Wealthier schools have insulated themselves by installing rooftop solar – an investment that slashes their energy costs and frees up budget for other activities. But underresourced schools are being left behind as they cannot cover the up-front capital costs. The result: the growing energy divide reinforces the education divide, entrenching inequality with every blackout and electricity tariff hike.
What the Curro deal signals – and what it doesn’t solve
Curro teaches 72,000 children, which is less than 0.5% of South Africa’s pupils. The shift to nonprofit status is encouraging because it may open the door for more bursaries, more rural schools and more equitable access. But it does not solve the system-wide crisis.
For that we need scalable solutions. We need war-time urgency to train tens of thousands of teachers, introduce modern curriculums and rebuild crumbling infrastructure. And we need to find money to do it in a fiscally constrained environment.
This is where financial innovation enters the picture.
Schools collectively spend several billion rands on electricity every year. What if those funds could be redirected towards teachers and textbooks instead? Innovative solar financing mechanisms can make this a reality.
By removing the upfront cost burden, these commercial solutions ensure that all of the country’s 24,836 schools can access the cheapest form of electricity in history.
To demonstrate the cost-saving potential here, our Smart Schools platform – a social enterprise that finances and manages solar-plus-battery systems for low-income schools – is able to sell the clean energy generated at a 40% discount to municipal tariffs. This means each participating school frees up enough funding to hire another full-time junior teacher.
On a macro scale, the opportunity for impact is huge. If every school in South Africa hosted a medium-sized rooftop solar array, this would add 745MW of new generating capacity directly in local communities – that is nearly equivalent to one full stage of load shedding avoided.

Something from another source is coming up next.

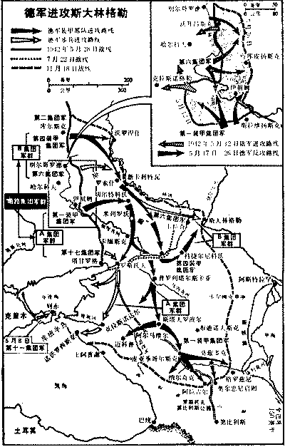 只在一侧深入推进,而不对敌军的中心同时施加压力,这种打算同德国将领自幼就灌输的战略原则是抵触的。在他们看来更加糟糕,因为翼侧进军就要在俄军主力与黑海之间腹背受敌。他们一想到,在内陆的翼侧大半要依靠罗马尼亚、匈牙利和意大利部队的保护,就更加担心。希特勒对他们焦急的询问给以明确的答复,说是德国只有取得高加索石油供应,才能在战争中自力更生。至于冒险依赖盟军保护翼侧的问题,他说,这些部队都要用来防守顿河防线,还有斯大林格勒和高加索之间的伏尔加河防线——在这些地方,河流本身就是天然屏障。攻克斯大林格勒以及坚守这一要地的任务,全部交给德军执行。

It would cost about R8.6-billion to solarise every school, yet we could deliver R2.2-billion in combined energy savings in year one alone, freeing up enough resources to hire 25,000 additional junior teachers – thereby reducing the country’s average pupil-to-teacher ratio to 29:1.
Building on Mouton’s momentum
What Mouton plans to do with Curro is bold: shifting private capital into public benefit education at a scale South Africa hasn’t seen before. But if we stop there we will miss the bigger opportunity.
We need to pair education reform with infrastructure reform, and energy is the lowest-hanging fruit. The business case is proven. What’s missing is will – and leadership.
Just as Curro’s model opens the door to much-needed new schools in rural and township areas, solar financing makes it possible for all schools to become energy-secure, resilient and financially stronger.
Thanks to the ongoing solar energy revolution, we have a unique opportunity to bend South Africa’s distorted education landscape back towards equity, and ensure that we do not have another lost generation.
We cannot afford to tinker at the margins any longer. The scale of South Africa’s education emergency demands solutions that are bold, structural and systemic.
Curro’s move is one such solution. Solarising every school is another.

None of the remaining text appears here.